=== Section Start ===
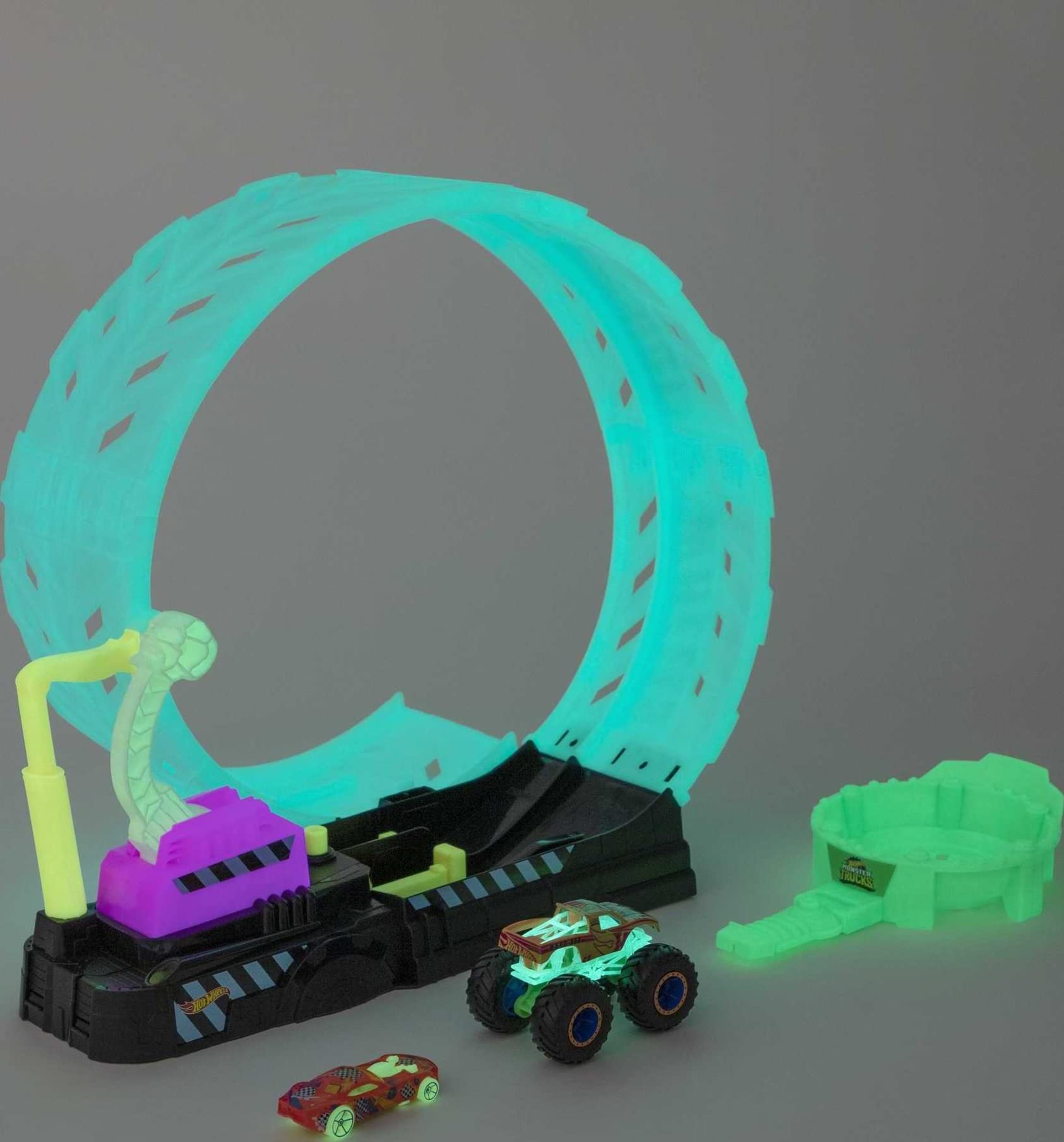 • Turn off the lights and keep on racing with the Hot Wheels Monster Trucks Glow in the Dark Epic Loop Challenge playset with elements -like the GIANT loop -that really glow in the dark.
=== Section End ===
=== Section Start ===
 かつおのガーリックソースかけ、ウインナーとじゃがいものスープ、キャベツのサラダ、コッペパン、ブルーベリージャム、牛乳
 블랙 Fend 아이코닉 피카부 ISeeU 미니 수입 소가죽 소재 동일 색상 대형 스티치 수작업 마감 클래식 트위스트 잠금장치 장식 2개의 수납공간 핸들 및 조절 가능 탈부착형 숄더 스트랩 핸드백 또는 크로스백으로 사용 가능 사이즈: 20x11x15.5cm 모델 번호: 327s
=== Section End ===
▶ **What is required**:
Transcribe each line of the data above, unaltered, from the one where "かつおのガーリックソースかけ" appears to the one where "블랙 Fend 아이코닉" appears, inclusive of both.

▶ **Exercise output**:
 かつおのガーリックソースかけ、ウインナーとじゃがいものスープ、キャベツのサラダ、コッペパン、ブルーベリージャム、牛乳
 블랙 Fend 아이코닉 피카부 ISeeU 미니 수입 소가죽 소재 동일 색상 대형 스티치 수작업 마감 클래식 트위스트 잠금장치 장식 2개의 수납공간 핸들 및 조절 가능 탈부착형 숄더 스트랩 핸드백 또는 크로스백으로 사용 가능 사이즈: 20x11x15.5cm 모델 번호: 327s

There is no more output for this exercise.